В двух кварталах от Невы Репнин отпустил извозчика и пошел к Летнему саду пешком. Невысокое январское солнце стояло над Петроградом. По Каменноостровскому шли солдаты нестройной колонной, как ходили летом семнадцатого. Старик, повязанный шерстяным платком, из-под которого торчали сине-малиновый нос и сивая бороденка, с маху лепил на рекламную тумбу «Известия». Медленно двигалась пролетка с беломраморной Венерой на сиденье, и при взгляде на обнаженные плечи становилось еще холоднее.
Несмотря на полуденный час, в Летнем саду было непривычно безлюдно. Только снег, ярко-белый, да строгие линии знаменитой ограды возвращали саду его прежний вид. На садовой скамейке сидел солдат и, разостлав перед собой газету, подкреплялся. На газете лежали черный хлеб, две головки чеснока (молва свидетельствовала, что он хорош против испанки и тифа) и щепотка соли. Солдат ел неторопливо и торжественно: натирал черную корочку зубком чеснока, посыпал корочку солью, бережно разламывал и сначала отправлял в рот кусок хлеба, а потом крошки, которые собирал в предусмотрительно подставленную ладонь.
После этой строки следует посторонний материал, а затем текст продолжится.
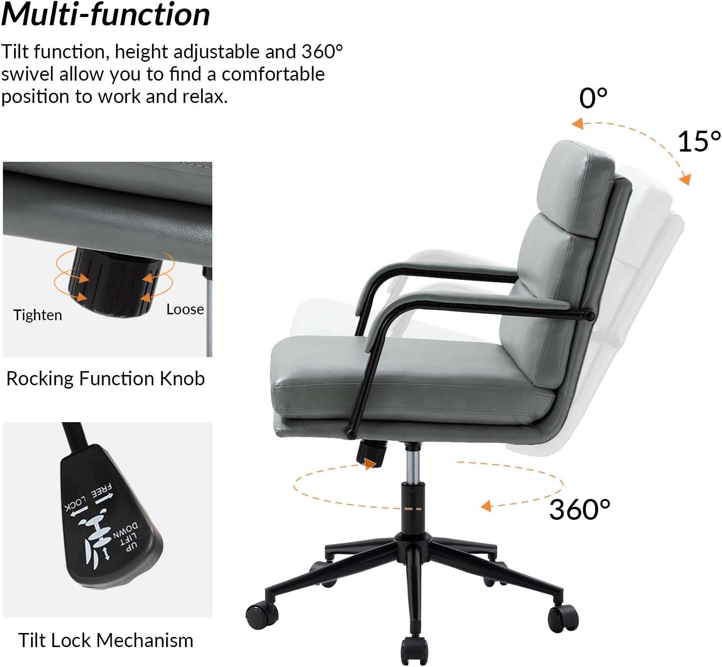 - Tilt Lock and Center Tilt- With its tilt function, the chair offers the flexibility to lean back for a relaxed and comfortable experience, enhancing your workday or meetings with a leisurely touch.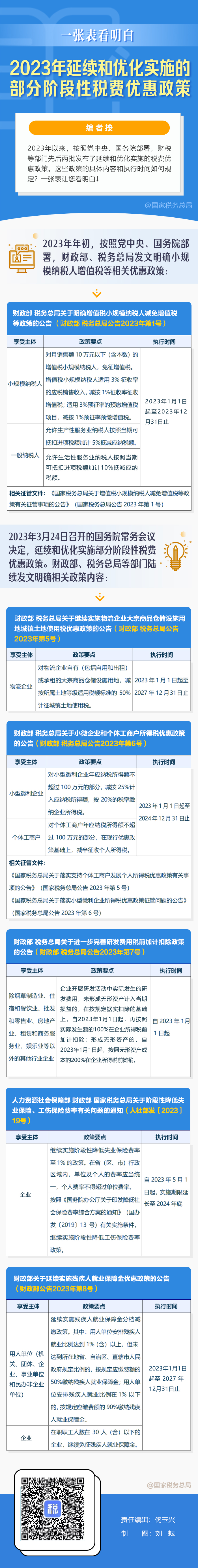 一张表看明白:2023年延续和优化实施的部分阶段性税费优惠政策

Репнин вспомнил тот безветренный, затканный осенней паутиной день, когда отец увлек его на дальнюю аллею Летнего сада и в очередной раз предал Желниных анафеме, а заодно потребовал и клятвы от сына. Николай Алексеевич сберег ощущение того дня: и сентябрьскую солнечность, и сухую тишину сада, и особую, характерную для ранней питерской осени прозрачность воздуха и перспективы, и главное… тяжесть, вот тут, у сердца. Однако все в мире относительно: Большая беда лучше видится, когда на пороге еще бóльшая беда. Чего стоят все репнинские проблемы той поры в сравнении с бременем, которое легло на плечи Николая Алексеевича сегодня? Вот он стоит сейчас посреди Летнего сада, и, кажется, все силы на ущербе: ни шагнуть вперед, ни отступить. Ну конечно же, в том мире были господа и рабы, была ложь в самой первосути общества, но было там и нечто настоящее, было, было… Самоотверженность храбрых и честных сердец. Нет, не только тех, кого призвала революция, но и просто русских людей, желающих видеть родину освобожденной от скверны. Бели бы не было этого чистого и честного, Репнин бы не мог жить. Ему бы просто не хватило воздуха. Но он жил, хотя вокруг были господа и рабы… Или его совесть обросла броней? Или само представление о совести было иным? И потом он сказал: оставалось в той России и нечто настоящее. А быть может, это уже была не та Россия, а новая, нарождающаяся?